[Material to process]:
+--

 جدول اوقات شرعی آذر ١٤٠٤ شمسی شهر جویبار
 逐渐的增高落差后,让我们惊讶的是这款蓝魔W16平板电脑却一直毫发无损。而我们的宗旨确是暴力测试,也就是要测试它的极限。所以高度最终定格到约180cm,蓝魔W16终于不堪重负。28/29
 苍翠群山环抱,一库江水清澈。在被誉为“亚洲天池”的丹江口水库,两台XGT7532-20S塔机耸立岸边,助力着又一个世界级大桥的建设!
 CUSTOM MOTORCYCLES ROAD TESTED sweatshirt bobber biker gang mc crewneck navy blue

+--

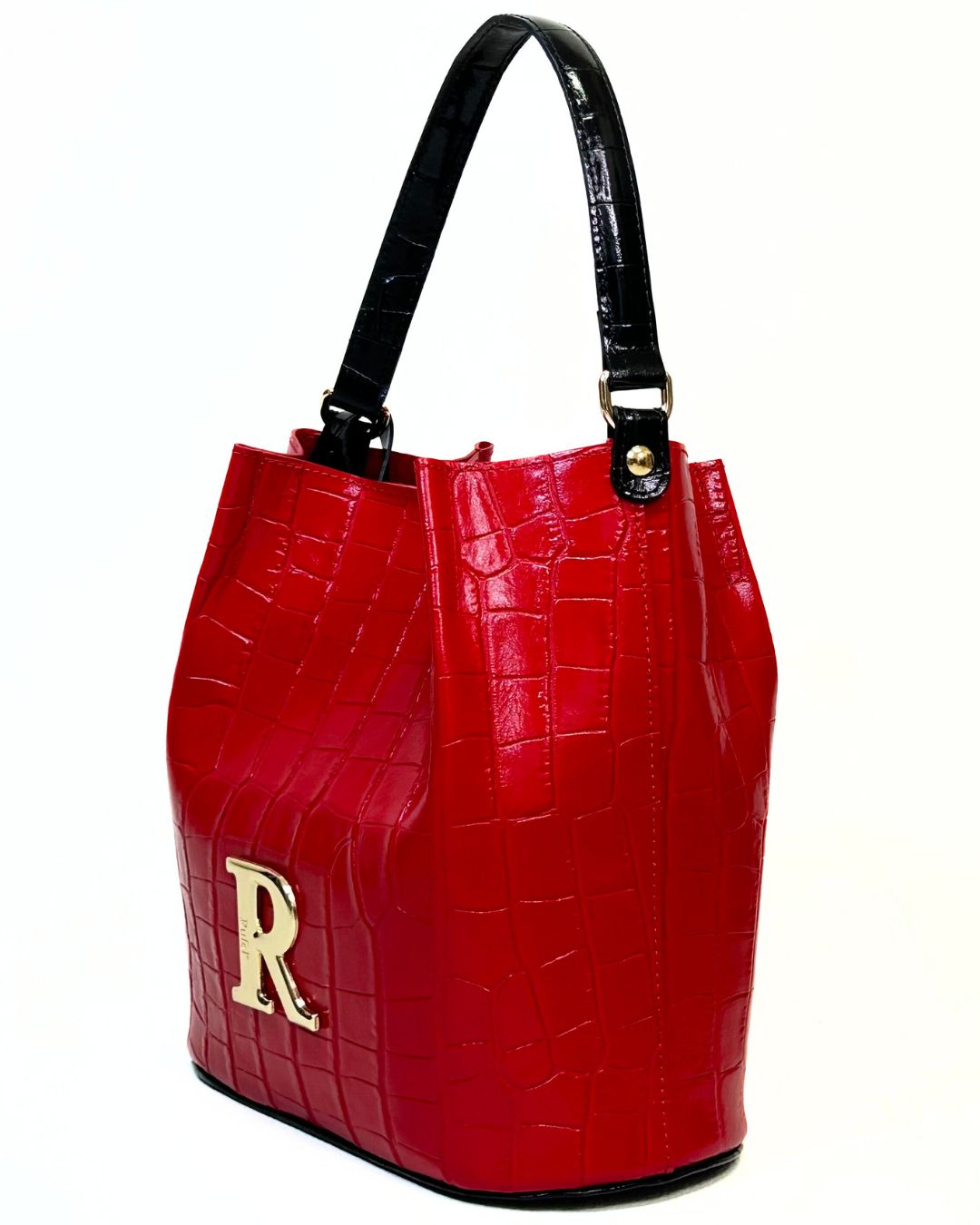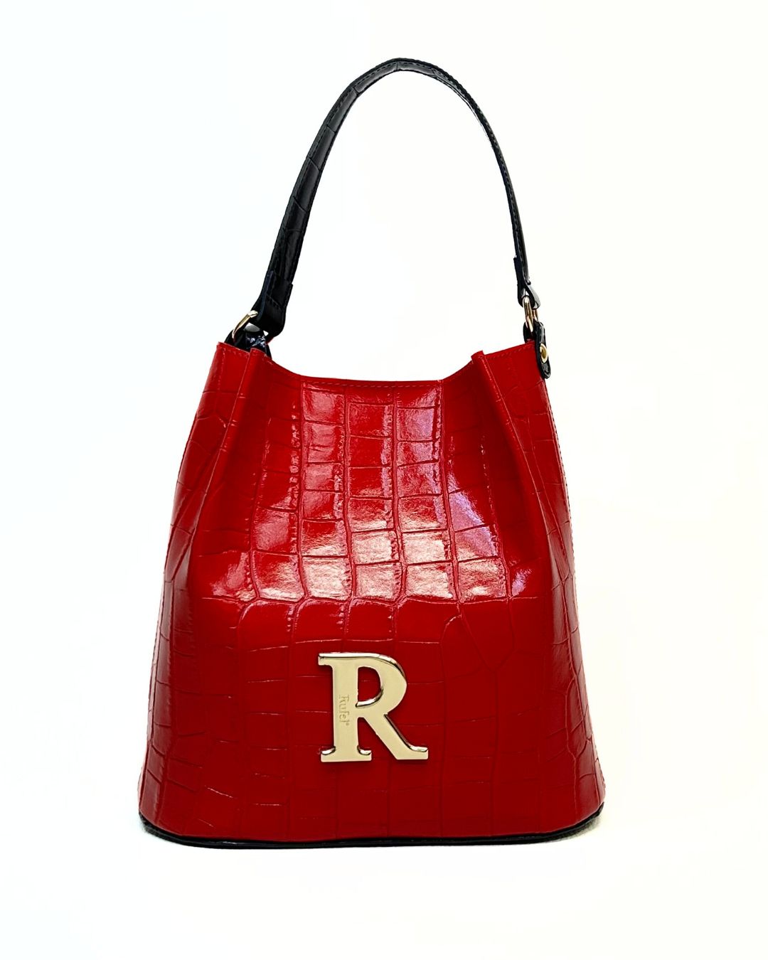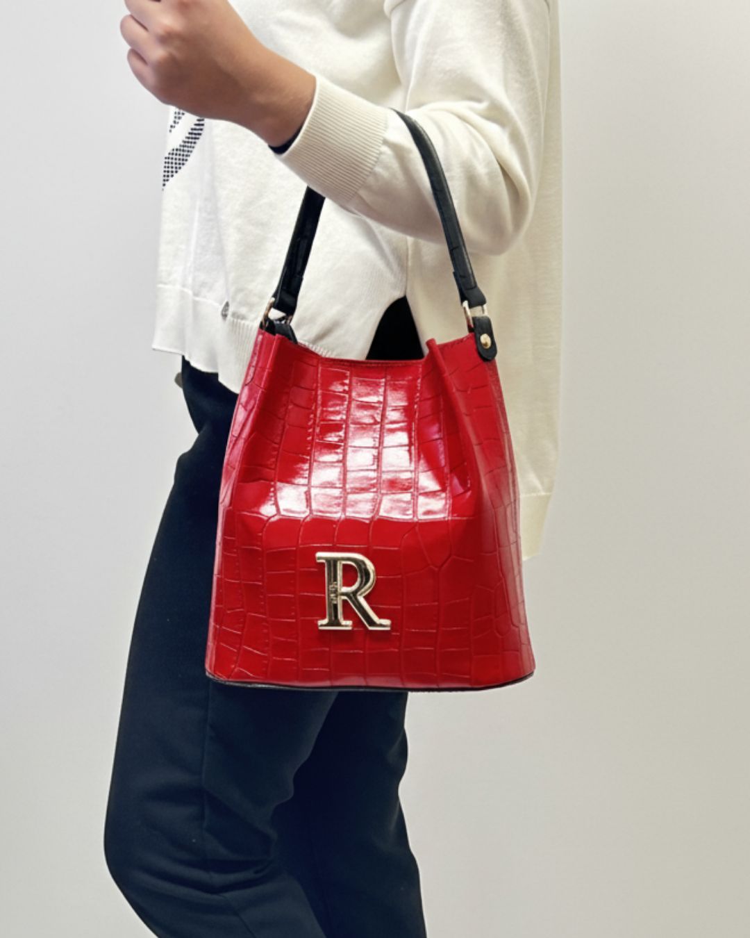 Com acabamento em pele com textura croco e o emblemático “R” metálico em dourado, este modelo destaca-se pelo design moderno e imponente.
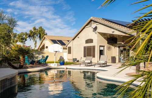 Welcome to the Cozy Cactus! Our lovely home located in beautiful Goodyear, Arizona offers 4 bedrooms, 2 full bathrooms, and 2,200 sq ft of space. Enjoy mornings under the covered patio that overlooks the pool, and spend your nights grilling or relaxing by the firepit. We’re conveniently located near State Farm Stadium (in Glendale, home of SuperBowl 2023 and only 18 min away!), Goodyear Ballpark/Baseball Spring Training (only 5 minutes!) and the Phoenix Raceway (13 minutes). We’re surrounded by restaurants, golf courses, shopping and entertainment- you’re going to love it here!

+--

Would you copy out, exactly and with no pictures, only the lines above from the one that contains "Com acabamento em" through the one that contains "Welcome to the"?

[Expected answer]:
 Com acabamento em pele com textura croco e o emblemático “R” metálico em dourado, este modelo destaca-se pelo design moderno e imponente.
 Welcome to the Cozy Cactus! Our lovely home located in beautiful Goodyear, Arizona offers 4 bedrooms, 2 full bathrooms, and 2,200 sq ft of space. Enjoy mornings under the covered patio that overlooks the pool, and spend your nights grilling or relaxing by the firepit. We’re conveniently located near State Farm Stadium (in Glendale, home of SuperBowl 2023 and only 18 min away!), Goodyear Ballpark/Baseball Spring Training (only 5 minutes!) and the Phoenix Raceway (13 minutes). We’re surrounded by restaurants, golf courses, shopping and entertainment- you’re going to love it here!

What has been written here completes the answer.